[Problem to work on]:
Exactly as they appear below, repeat the lines from the one with "Помещение расположено на" through the one with "Клин-пружинная сталь, ковка, закалка-работа". Drop every picture.

[Task material]:
────────────────
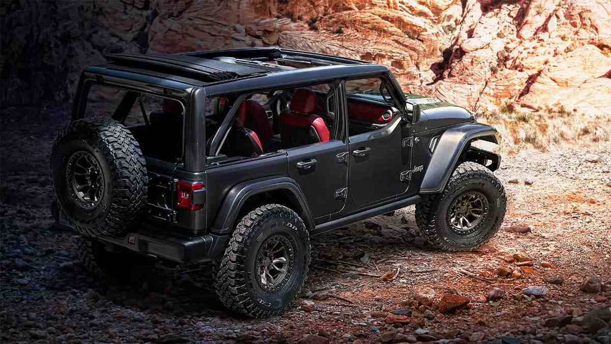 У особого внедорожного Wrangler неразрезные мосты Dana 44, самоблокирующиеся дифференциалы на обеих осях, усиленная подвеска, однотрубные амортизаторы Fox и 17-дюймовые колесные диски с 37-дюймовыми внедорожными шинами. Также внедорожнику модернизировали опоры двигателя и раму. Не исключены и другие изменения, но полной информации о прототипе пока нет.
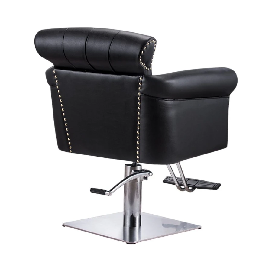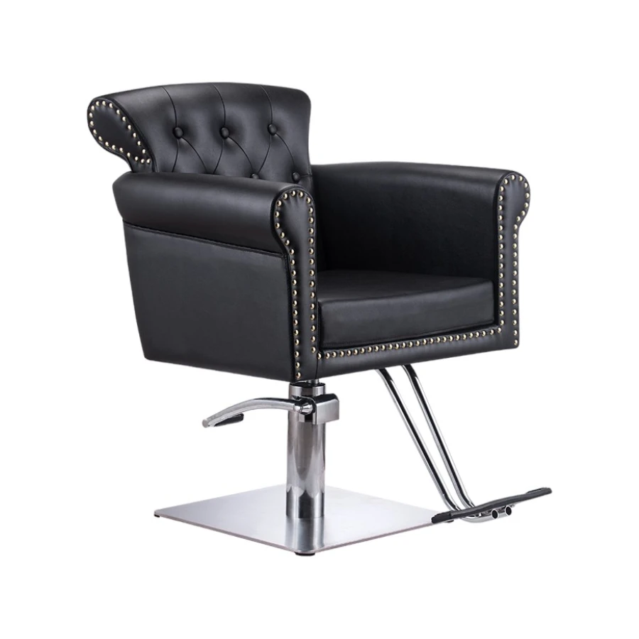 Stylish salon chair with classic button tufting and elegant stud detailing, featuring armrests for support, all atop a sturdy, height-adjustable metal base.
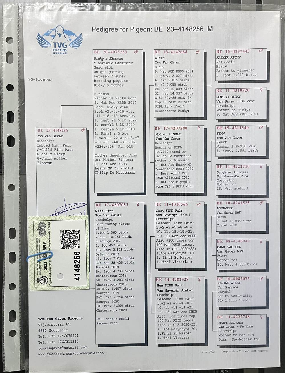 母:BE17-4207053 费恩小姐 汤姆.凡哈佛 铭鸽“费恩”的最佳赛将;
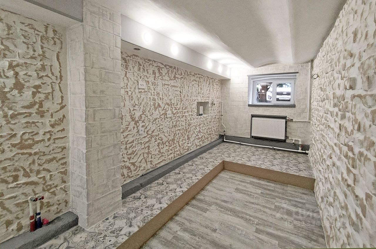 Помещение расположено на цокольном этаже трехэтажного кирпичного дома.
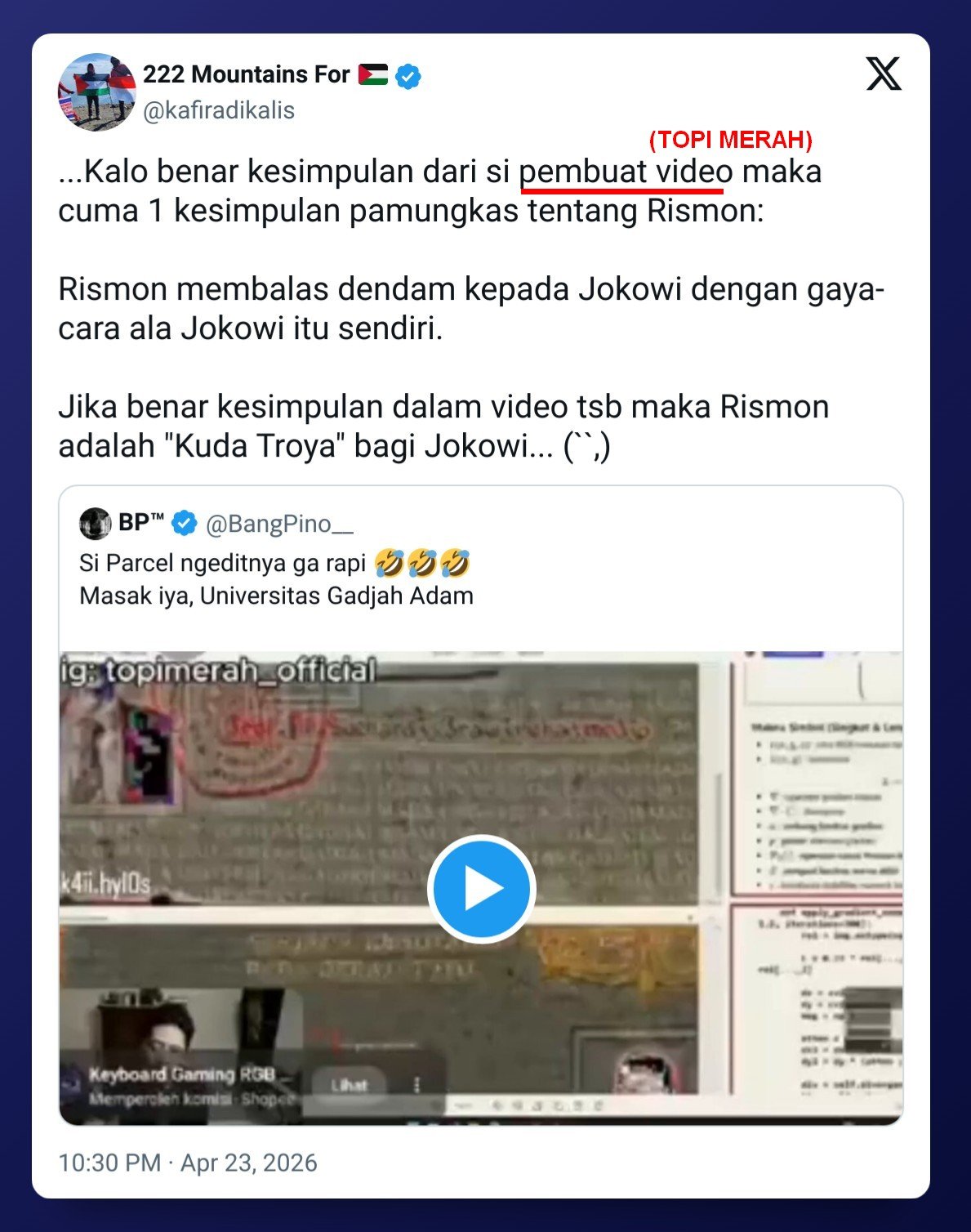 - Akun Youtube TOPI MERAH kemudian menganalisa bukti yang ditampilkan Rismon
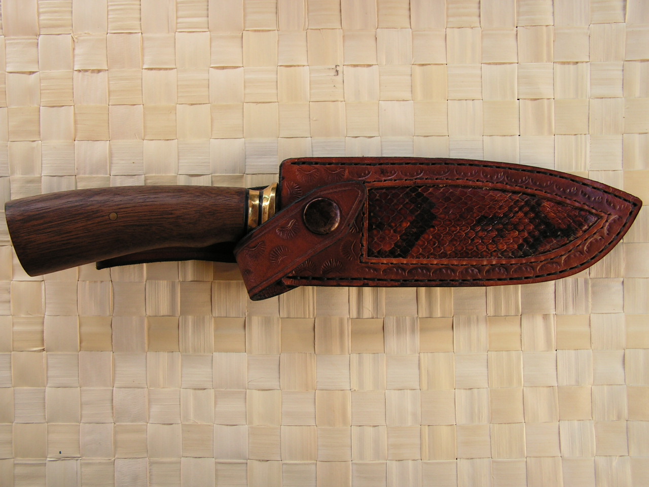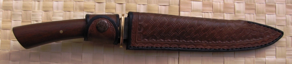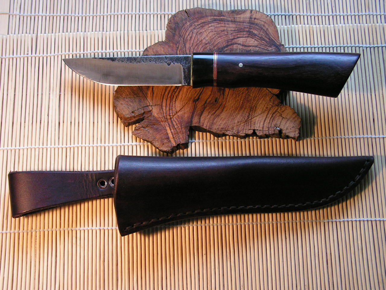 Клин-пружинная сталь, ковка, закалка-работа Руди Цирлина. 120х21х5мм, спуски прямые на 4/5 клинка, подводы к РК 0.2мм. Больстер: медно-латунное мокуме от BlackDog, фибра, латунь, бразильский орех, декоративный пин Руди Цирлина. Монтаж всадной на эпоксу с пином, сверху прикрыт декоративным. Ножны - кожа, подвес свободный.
────────────────
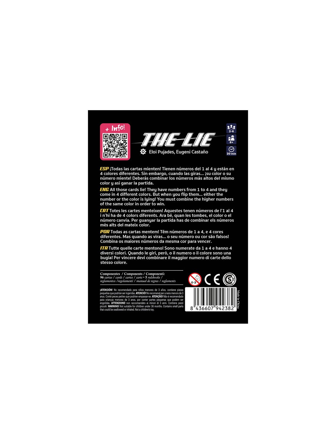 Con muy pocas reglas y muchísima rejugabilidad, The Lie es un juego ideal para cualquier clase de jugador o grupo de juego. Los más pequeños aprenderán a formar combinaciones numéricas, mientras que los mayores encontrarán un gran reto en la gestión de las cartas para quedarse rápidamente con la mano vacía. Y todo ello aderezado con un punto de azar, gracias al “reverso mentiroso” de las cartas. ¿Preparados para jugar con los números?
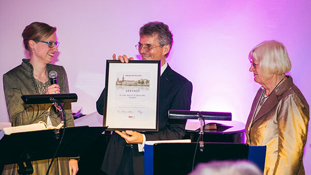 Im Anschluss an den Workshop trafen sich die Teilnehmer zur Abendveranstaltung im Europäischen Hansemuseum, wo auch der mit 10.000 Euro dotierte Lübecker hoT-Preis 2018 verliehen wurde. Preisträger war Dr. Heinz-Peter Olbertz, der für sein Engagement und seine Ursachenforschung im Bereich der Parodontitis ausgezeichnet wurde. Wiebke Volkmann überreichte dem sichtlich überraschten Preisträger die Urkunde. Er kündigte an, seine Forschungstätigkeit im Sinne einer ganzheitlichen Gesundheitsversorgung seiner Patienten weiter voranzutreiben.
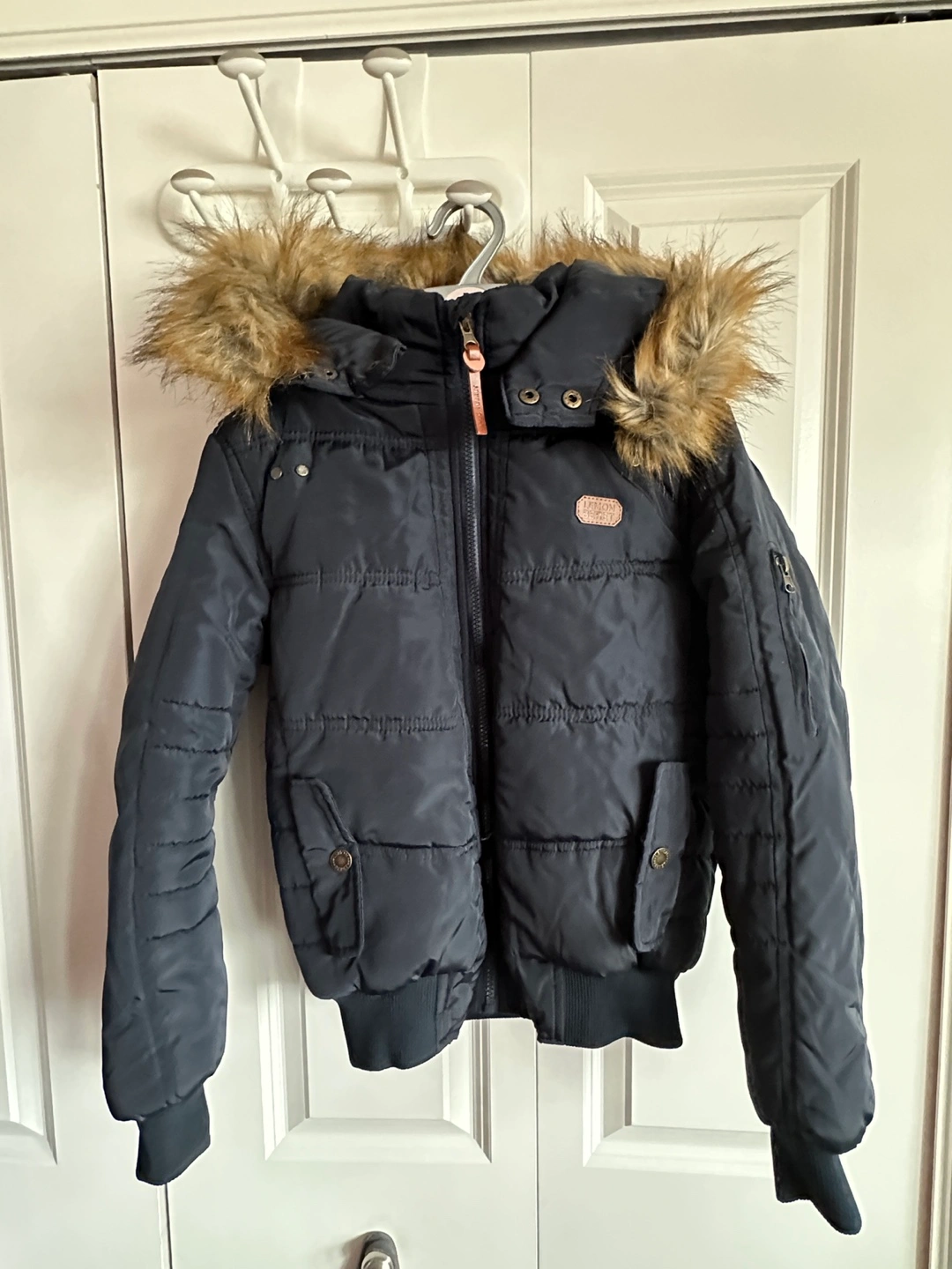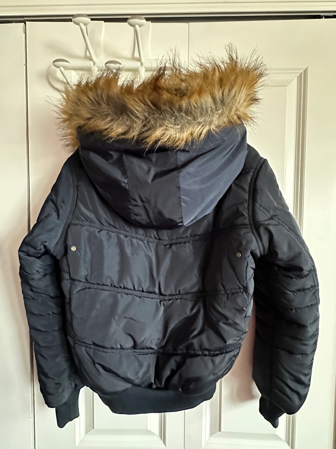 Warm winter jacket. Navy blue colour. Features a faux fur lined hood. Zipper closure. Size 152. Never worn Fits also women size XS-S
────────────────
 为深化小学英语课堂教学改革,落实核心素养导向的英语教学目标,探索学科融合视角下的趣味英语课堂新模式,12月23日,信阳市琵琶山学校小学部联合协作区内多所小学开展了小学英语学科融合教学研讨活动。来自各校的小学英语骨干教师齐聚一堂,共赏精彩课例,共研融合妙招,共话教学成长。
────────────────
[Solution]:
 Помещение расположено на цокольном этаже трехэтажного кирпичного дома.
 - Akun Youtube TOPI MERAH kemudian menganalisa bukti yang ditampilkan Rismon
 Клин-пружинная сталь, ковка, закалка-работа Руди Цирлина. 120х21х5мм, спуски прямые на 4/5 клинка, подводы к РК 0.2мм. Больстер: медно-латунное мокуме от BlackDog, фибра, латунь, бразильский орех, декоративный пин Руди Цирлина. Монтаж всадной на эпоксу с пином, сверху прикрыт декоративным. Ножны - кожа, подвес свободный.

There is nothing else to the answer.